阿骨爽等人聽說宋軍前後左右綿延二百里,浩浩蕩蕩不見盡頭,便對趙良嗣和姚平仲說:“我們怎麼敢生事?只是我們這邊早就派了軍隊來,等了幾天沒動靜,所以問問罷了。”
說完就下令交割。
金國國主和阿骨爽等人捲起盔甲,轉移營地,後撤了三十里。
傍晚時分,李嗣本帶兵進入燕京城,种師中、楊可世隨後也進入了。
但等待他們的,是一座空城。
大金軍隊在燕京城盤踞了將近半年。
這半年裡,金人乾的事可以概括為三個字:搶光、殺光、搬光。
他們的軍隊本來就是遠征而來,士兵們滿腦子想的都是發財,燕京城裡的富豪人家,家家戶戶被洗劫一空,屋子裡空蕩蕩的,連根掛東西的釘子都不剩,檀州、順州、景州、薊州的百姓也被禍害得困苦不堪。
契丹人更慘,他們害怕金人搶奪,紛紛逃進山谷,城市變成了廢墟,狐狸野兔在街頭巷尾安了家。
金人還把原來的官員和漢人百姓分批押走,遷往北方。
所以,當大宋軍隊進入燕京時,他們得到的只是一座空城,沒有人口,沒有財富,沒有物資,連城防設施都被破壞得一塌糊塗。
《北征紀實》裡有一段記載,把這事說得很清楚:
王黼當時全權負責此事,他降下聖旨,命令兩位統帥——童貫和蔡攸,不得擅自行動,一切聽從他的安排,然後派趙良嗣出使。

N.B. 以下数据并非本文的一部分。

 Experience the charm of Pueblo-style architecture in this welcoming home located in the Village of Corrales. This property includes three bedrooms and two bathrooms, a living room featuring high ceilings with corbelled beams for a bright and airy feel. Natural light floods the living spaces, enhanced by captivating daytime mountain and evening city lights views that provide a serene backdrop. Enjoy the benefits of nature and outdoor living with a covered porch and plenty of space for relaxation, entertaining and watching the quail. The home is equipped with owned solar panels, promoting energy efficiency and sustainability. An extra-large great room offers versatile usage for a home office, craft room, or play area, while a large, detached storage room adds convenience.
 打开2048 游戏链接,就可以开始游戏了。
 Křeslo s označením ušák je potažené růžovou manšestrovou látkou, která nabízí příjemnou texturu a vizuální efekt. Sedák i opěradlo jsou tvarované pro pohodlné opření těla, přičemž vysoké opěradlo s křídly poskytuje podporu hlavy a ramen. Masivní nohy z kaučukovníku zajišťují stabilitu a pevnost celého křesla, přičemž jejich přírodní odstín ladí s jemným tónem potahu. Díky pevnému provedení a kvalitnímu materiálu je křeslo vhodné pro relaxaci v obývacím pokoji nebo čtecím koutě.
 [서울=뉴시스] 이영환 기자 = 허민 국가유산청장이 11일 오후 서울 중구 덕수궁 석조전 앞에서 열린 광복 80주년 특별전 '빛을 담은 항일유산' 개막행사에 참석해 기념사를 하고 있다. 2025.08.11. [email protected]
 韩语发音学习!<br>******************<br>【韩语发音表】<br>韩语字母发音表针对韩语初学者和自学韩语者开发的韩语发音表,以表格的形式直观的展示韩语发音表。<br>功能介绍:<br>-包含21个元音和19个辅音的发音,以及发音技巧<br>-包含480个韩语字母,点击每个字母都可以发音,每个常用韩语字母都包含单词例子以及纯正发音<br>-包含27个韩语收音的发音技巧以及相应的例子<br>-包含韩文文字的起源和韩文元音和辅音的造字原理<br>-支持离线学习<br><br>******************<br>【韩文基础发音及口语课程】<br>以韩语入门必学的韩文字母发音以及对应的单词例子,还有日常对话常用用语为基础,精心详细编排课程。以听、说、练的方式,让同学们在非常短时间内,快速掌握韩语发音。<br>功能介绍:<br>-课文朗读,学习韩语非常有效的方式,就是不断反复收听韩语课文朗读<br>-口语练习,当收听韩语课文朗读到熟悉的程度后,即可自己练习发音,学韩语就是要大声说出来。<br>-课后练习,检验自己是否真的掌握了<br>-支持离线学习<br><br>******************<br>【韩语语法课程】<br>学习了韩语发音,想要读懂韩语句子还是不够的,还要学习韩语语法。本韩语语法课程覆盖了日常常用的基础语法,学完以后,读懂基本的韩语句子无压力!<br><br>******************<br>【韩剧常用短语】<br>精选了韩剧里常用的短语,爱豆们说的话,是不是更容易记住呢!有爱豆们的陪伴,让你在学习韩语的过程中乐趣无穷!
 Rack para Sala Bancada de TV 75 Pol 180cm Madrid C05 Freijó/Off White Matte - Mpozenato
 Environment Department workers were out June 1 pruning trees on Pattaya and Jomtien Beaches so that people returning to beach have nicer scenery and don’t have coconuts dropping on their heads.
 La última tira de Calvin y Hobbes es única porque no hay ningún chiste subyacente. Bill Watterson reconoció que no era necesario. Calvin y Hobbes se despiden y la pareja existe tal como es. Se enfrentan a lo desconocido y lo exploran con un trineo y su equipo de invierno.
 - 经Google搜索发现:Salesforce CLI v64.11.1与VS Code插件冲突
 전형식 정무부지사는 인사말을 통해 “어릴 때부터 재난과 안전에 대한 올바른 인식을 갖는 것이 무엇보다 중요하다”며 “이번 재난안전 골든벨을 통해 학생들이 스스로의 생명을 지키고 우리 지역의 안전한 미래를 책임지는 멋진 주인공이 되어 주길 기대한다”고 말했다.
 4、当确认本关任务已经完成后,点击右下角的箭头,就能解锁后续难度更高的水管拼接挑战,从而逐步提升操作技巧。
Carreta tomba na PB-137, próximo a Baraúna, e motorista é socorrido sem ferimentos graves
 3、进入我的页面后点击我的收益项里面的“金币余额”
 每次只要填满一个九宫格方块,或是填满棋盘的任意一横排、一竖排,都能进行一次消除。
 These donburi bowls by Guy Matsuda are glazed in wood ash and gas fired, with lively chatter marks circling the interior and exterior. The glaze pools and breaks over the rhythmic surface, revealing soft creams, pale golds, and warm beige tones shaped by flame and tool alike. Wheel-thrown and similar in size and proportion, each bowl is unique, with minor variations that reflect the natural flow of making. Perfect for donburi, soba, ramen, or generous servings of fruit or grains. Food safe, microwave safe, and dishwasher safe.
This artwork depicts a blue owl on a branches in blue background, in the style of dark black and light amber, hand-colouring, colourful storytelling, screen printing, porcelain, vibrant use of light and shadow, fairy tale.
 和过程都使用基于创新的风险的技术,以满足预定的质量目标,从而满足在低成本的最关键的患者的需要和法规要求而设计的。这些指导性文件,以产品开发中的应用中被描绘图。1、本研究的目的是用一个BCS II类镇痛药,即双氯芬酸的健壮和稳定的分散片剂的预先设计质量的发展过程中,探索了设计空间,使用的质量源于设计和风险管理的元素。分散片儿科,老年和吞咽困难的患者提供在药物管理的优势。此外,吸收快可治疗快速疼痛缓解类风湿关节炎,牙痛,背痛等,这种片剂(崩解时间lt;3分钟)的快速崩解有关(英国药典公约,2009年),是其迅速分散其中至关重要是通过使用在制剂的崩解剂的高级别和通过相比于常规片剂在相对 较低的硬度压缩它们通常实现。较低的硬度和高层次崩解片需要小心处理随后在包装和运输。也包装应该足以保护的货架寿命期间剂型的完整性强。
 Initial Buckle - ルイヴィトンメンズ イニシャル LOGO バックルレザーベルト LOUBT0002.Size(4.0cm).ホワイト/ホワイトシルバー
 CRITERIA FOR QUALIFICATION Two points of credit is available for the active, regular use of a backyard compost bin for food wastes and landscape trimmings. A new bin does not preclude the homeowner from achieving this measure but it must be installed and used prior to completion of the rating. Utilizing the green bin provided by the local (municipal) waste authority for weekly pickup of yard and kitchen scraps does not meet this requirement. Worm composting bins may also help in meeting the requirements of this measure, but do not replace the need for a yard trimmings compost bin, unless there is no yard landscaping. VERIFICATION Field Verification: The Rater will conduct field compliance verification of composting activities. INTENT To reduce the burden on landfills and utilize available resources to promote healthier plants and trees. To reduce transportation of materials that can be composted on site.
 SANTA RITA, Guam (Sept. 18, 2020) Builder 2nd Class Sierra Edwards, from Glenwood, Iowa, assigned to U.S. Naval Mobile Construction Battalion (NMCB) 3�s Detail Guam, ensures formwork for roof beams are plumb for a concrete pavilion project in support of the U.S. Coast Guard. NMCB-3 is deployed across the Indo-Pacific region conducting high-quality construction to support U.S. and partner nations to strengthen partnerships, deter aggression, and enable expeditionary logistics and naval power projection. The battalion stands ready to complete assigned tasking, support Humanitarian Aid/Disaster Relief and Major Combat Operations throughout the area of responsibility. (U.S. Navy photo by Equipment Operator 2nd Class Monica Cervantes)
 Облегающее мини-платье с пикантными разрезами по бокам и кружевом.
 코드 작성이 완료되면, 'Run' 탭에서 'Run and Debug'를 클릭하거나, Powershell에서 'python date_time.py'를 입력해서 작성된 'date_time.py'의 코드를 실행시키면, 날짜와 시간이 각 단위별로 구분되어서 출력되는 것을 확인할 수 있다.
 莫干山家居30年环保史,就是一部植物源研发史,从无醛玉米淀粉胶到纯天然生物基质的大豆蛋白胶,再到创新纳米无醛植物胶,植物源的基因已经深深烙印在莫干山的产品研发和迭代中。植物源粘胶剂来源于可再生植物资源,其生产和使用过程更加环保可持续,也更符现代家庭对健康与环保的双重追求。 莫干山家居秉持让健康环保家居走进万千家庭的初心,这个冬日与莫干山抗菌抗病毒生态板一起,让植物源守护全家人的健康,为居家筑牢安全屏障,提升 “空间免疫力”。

阿骨打對趙良嗣說:“我聽說你們中國的大將劉延慶帶著十萬大軍,一仗沒打,軍隊就潰散了,中國有什麼了不起的?我自己打進了燕山,現在這裡是我的,你們憑什麼拿回去?”
趙良嗣無言以對。
這是大宋在外交上最尷尬的時刻:你想跟人談判,可你的軍隊不給你長臉。
《北征紀實》還提到,宋初對待遼國使者的禮節是很有限的,不讓他們看到中原的繁華,而且因為河朔離京城近,特意讓使者繞遠路,多設驛站,一站一站地招待,最後才到京城,這都是防微杜漸的意思。
但王黼派趙良嗣出使,只求速度快,好讓自己搶佔功勞,他和金國使者約定,從燕山到京城,七天之內必須到達,就這樣來回西五趟。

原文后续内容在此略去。